Existing world-action models struggle to simultaneously achieve long-horizon scene understanding and real-time control due to their coupling of perception and action at the same temporal resolution. This work proposes an asynchronous, horizon-adaptive world-action modeling framework that decouples the temporal rhythms of perception and action through a dual-diffusion Transformer architecture. The approach incorporates observation-guided video context routing (OVCR), rolling key-value memory, and inter-layer joint attention mechanisms. Evaluated on RoboTwin, the method achieves an average success rate of 92.80%, with 78.3% success across four real-world tasks, operating at a closed-loop frequency of 24.17 Hz—4.59× faster than Fast-WAM—without requiring any pretraining on robotic data.
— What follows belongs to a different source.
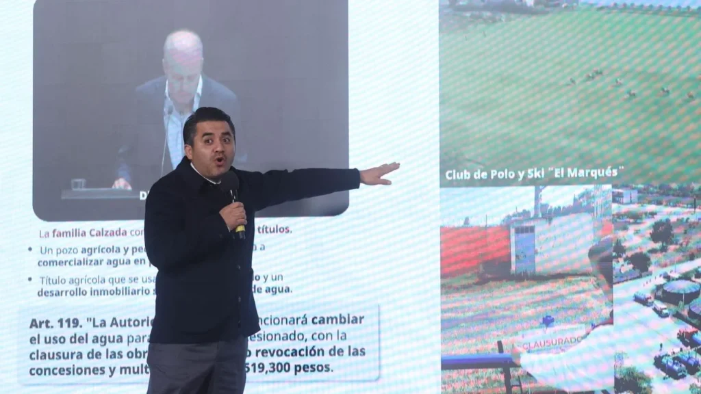 La mandataria federal detalló que la familia del exgobernador de Querétaro, José Calzada, y del diputado federal del PRI, Mario Calzada, tenía concesiones de agua agrícola; sin embargo, con la antigua ley tenían derecho de transmitirlo a otros usos sin reportarlo, por lo que esa agua no era utilizada para producir alimentos, sino a un lugar residencial que tiene un campo para jugar polo o para vender agua en pipa, “mientras la gente que vive al lado no tiene agua”, declaró la titular del Ejecutivo.

World-action models have emerged as a promising paradigm for robot manipulation, jointly modeling visual scene dynamics and actions to inject physical priors into policy learning. However, existing world-action models couple world prediction and action execution at the same temporal resolution, forcing the world branch to model near-term frame variations that are redundant and weakly informative. We posit that strictly binding world prediction and action execution to the same temporal rhythm may underutilize the potential of the video branch for embodied control. Therefore, we propose AHA-WAM, an Asynchronous Horizon-Adaptive World-Action Model built on a dual Diffusion Transformer (DiT) architecture that reorganizes world-action modeling around this temporal asymmetry. AHA-WAM instantiates the video DiT as a low-frequency world planner that maintains rolling key-value memory over past observations and exposes reusable layerwise latent context encoding long-horizon scene evolution, while a high-frequency action DiT executes short action chunks in closed loop by querying this context through layerwise joint attention. To support asynchronous execution, we introduce horizon-adaptive offset training and Observation-Guided Video-Context Routing (OVCR), which together let the action expert exploit long-horizon world context while remaining responsive to real-time execution state without rerunning the video DiT. Experiments on RoboTwin and real-world manipulation tasks show that AHA-WAM achieves state-of-the-art performance without any robot-data pretraining, attaining 92.80% average success on RoboTwin and 78.3% success across 4 real-world tasks, while reaching 24.17 Hz closed-loop control with a 4.59x speedup over Fast-WAM.